BEGIN MATERIALS PROVIDED

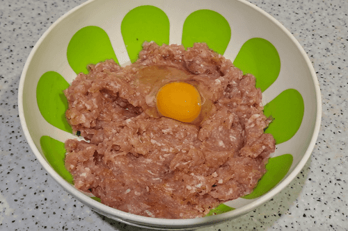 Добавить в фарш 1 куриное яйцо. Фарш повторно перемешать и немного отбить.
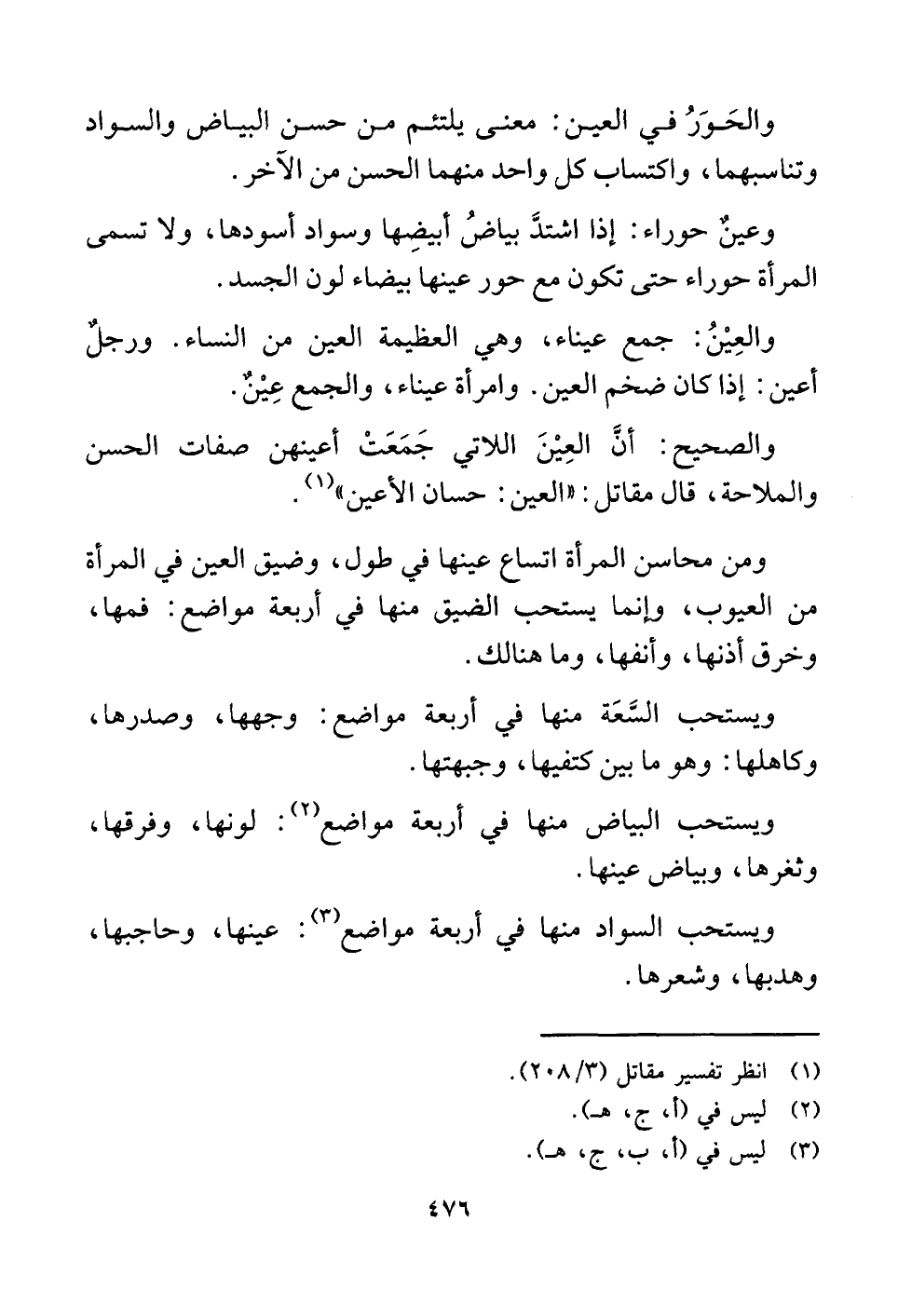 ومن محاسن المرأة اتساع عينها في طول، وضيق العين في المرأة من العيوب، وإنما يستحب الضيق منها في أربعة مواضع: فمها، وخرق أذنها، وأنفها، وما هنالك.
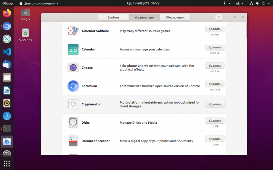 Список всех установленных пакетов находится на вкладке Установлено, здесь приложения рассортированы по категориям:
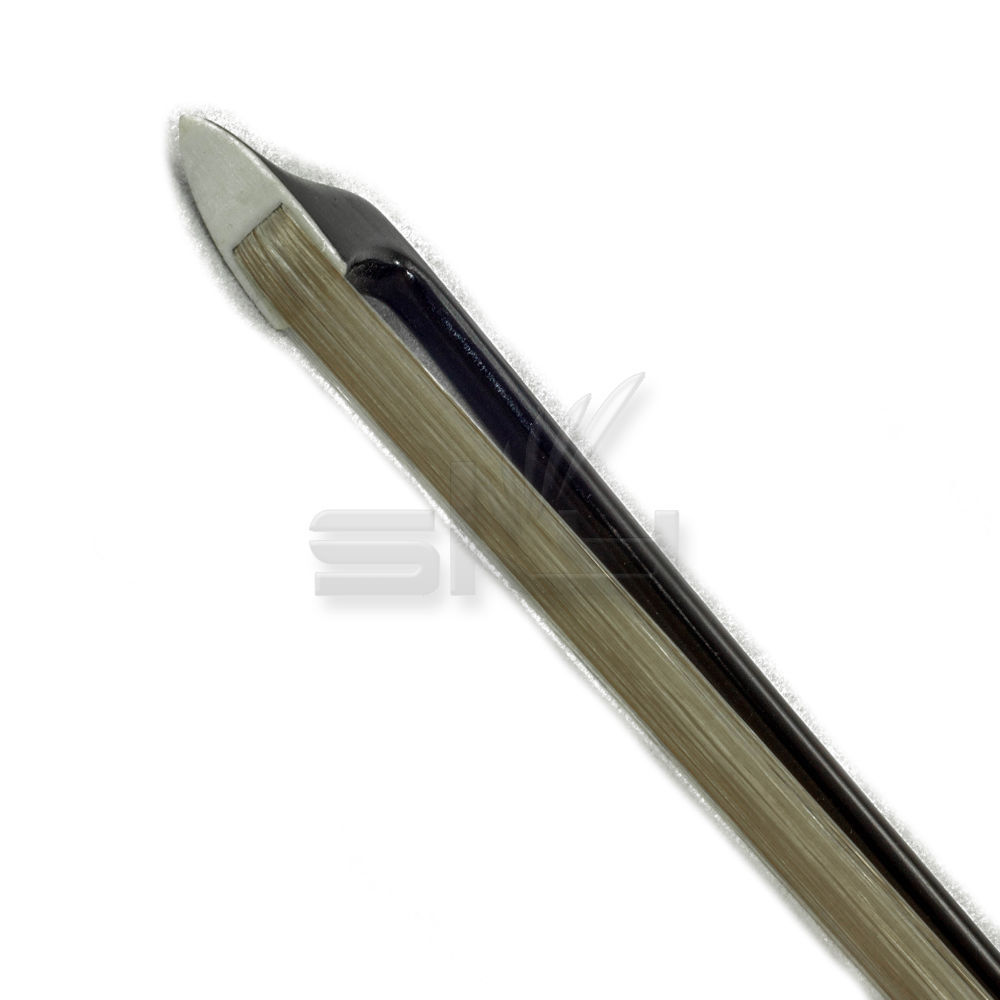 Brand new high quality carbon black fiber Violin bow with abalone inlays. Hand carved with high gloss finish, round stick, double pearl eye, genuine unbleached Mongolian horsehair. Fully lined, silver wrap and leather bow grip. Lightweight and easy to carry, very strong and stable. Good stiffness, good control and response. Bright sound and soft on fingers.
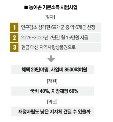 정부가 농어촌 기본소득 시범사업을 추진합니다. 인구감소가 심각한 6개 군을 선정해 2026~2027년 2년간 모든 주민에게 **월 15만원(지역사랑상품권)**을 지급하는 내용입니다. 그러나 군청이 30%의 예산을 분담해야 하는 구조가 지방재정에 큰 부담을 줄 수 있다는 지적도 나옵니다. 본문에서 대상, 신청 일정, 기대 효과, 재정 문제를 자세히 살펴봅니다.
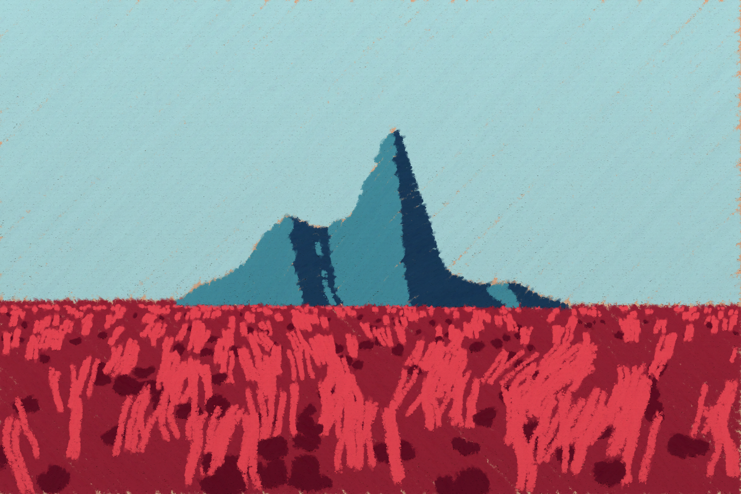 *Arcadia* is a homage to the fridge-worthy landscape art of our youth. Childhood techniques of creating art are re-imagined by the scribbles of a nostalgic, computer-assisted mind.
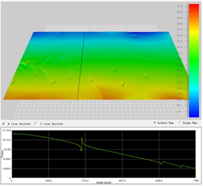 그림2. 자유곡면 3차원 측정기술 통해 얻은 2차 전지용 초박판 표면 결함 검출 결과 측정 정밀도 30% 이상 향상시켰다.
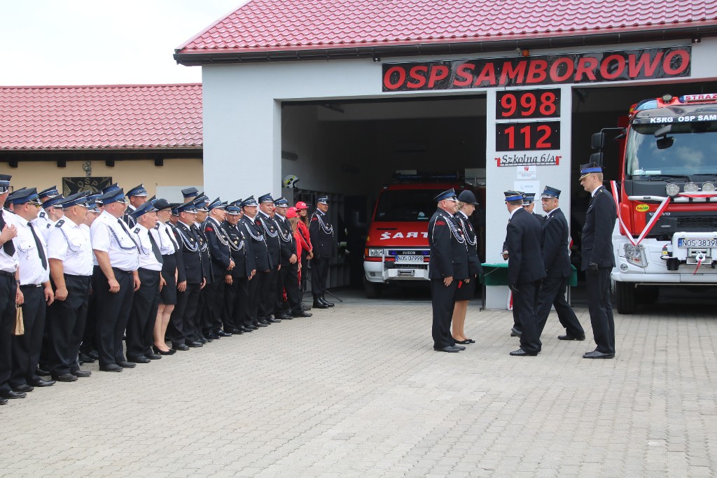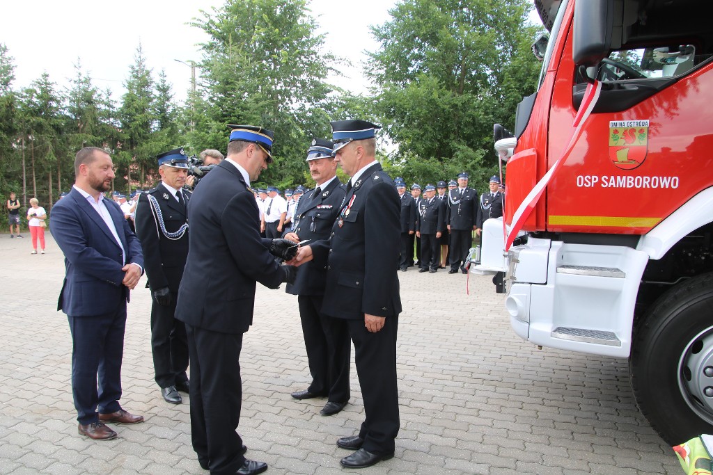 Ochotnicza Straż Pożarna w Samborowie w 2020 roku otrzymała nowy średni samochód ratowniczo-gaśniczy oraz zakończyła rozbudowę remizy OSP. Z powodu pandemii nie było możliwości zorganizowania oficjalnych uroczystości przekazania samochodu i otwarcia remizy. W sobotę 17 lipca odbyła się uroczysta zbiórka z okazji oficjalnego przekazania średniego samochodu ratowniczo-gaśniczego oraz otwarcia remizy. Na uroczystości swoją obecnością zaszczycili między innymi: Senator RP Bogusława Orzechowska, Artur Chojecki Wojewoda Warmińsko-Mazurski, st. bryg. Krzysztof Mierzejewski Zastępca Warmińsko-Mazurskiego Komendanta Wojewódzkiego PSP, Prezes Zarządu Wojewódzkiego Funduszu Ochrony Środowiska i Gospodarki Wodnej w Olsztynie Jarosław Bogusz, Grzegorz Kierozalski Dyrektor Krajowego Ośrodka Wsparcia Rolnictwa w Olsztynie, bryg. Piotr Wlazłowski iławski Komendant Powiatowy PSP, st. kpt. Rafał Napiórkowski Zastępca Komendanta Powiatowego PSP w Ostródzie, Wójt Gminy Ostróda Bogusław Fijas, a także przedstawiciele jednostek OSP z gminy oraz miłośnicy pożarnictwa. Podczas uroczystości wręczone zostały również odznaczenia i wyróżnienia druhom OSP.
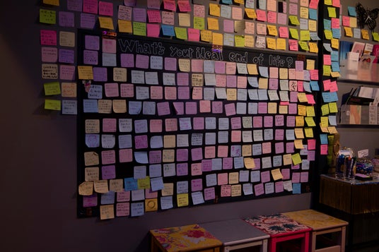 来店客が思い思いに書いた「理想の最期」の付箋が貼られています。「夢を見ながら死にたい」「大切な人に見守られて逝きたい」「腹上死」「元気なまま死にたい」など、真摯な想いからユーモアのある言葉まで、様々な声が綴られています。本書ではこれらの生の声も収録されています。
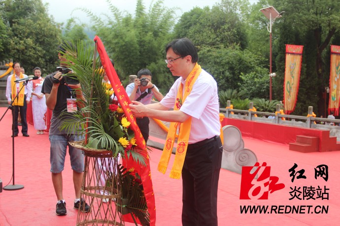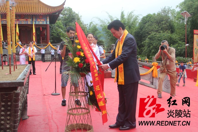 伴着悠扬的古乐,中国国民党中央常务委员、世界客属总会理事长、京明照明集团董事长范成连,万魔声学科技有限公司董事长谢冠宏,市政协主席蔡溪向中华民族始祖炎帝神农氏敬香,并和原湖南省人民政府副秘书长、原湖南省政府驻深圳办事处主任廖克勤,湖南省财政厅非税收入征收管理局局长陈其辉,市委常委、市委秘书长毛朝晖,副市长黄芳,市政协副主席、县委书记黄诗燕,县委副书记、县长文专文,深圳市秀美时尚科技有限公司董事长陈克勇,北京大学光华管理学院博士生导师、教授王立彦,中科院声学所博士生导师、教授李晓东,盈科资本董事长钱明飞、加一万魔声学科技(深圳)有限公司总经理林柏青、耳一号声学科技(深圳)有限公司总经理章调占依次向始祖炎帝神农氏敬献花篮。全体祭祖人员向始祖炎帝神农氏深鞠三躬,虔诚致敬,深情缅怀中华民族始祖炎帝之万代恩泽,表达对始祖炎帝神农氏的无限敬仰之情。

END MATERIALS PROVIDED

> TASK REQUIREMENTS
Once more, please print the whole listing exactly, omitting each image.

> RESULT OF THE TASK
 Добавить в фарш 1 куриное яйцо. Фарш повторно перемешать и немного отбить.
 ومن محاسن المرأة اتساع عينها في طول، وضيق العين في المرأة من العيوب، وإنما يستحب الضيق منها في أربعة مواضع: فمها، وخرق أذنها، وأنفها، وما هنالك.
 Список всех установленных пакетов находится на вкладке Установлено, здесь приложения рассортированы по категориям:
 Brand new high quality carbon black fiber Violin bow with abalone inlays. Hand carved with high gloss finish, round stick, double pearl eye, genuine unbleached Mongolian horsehair. Fully lined, silver wrap and leather bow grip. Lightweight and easy to carry, very strong and stable. Good stiffness, good control and response. Bright sound and soft on fingers.
 정부가 농어촌 기본소득 시범사업을 추진합니다. 인구감소가 심각한 6개 군을 선정해 2026~2027년 2년간 모든 주민에게 **월 15만원(지역사랑상품권)**을 지급하는 내용입니다. 그러나 군청이 30%의 예산을 분담해야 하는 구조가 지방재정에 큰 부담을 줄 수 있다는 지적도 나옵니다. 본문에서 대상, 신청 일정, 기대 효과, 재정 문제를 자세히 살펴봅니다.
 *Arcadia* is a homage to the fridge-worthy landscape art of our youth. Childhood techniques of creating art are re-imagined by the scribbles of a nostalgic, computer-assisted mind.
 그림2. 자유곡면 3차원 측정기술 통해 얻은 2차 전지용 초박판 표면 결함 검출 결과 측정 정밀도 30% 이상 향상시켰다.
 Ochotnicza Straż Pożarna w Samborowie w 2020 roku otrzymała nowy średni samochód ratowniczo-gaśniczy oraz zakończyła rozbudowę remizy OSP. Z powodu pandemii nie było możliwości zorganizowania oficjalnych uroczystości przekazania samochodu i otwarcia remizy. W sobotę 17 lipca odbyła się uroczysta zbiórka z okazji oficjalnego przekazania średniego samochodu ratowniczo-gaśniczego oraz otwarcia remizy. Na uroczystości swoją obecnością zaszczycili między innymi: Senator RP Bogusława Orzechowska, Artur Chojecki Wojewoda Warmińsko-Mazurski, st. bryg. Krzysztof Mierzejewski Zastępca Warmińsko-Mazurskiego Komendanta Wojewódzkiego PSP, Prezes Zarządu Wojewódzkiego Funduszu Ochrony Środowiska i Gospodarki Wodnej w Olsztynie Jarosław Bogusz, Grzegorz Kierozalski Dyrektor Krajowego Ośrodka Wsparcia Rolnictwa w Olsztynie, bryg. Piotr Wlazłowski iławski Komendant Powiatowy PSP, st. kpt. Rafał Napiórkowski Zastępca Komendanta Powiatowego PSP w Ostródzie, Wójt Gminy Ostróda Bogusław Fijas, a także przedstawiciele jednostek OSP z gminy oraz miłośnicy pożarnictwa. Podczas uroczystości wręczone zostały również odznaczenia i wyróżnienia druhom OSP.
 来店客が思い思いに書いた「理想の最期」の付箋が貼られています。「夢を見ながら死にたい」「大切な人に見守られて逝きたい」「腹上死」「元気なまま死にたい」など、真摯な想いからユーモアのある言葉まで、様々な声が綴られています。本書ではこれらの生の声も収録されています。
 伴着悠扬的古乐,中国国民党中央常务委员、世界客属总会理事长、京明照明集团董事长范成连,万魔声学科技有限公司董事长谢冠宏,市政协主席蔡溪向中华民族始祖炎帝神农氏敬香,并和原湖南省人民政府副秘书长、原湖南省政府驻深圳办事处主任廖克勤,湖南省财政厅非税收入征收管理局局长陈其辉,市委常委、市委秘书长毛朝晖,副市长黄芳,市政协副主席、县委书记黄诗燕,县委副书记、县长文专文,深圳市秀美时尚科技有限公司董事长陈克勇,北京大学光华管理学院博士生导师、教授王立彦,中科院声学所博士生导师、教授李晓东,盈科资本董事长钱明飞、加一万魔声学科技(深圳)有限公司总经理林柏青、耳一号声学科技(深圳)有限公司总经理章调占依次向始祖炎帝神农氏敬献花篮。全体祭祖人员向始祖炎帝神农氏深鞠三躬,虔诚致敬,深情缅怀中华民族始祖炎帝之万代恩泽,表达对始祖炎帝神农氏的无限敬仰之情。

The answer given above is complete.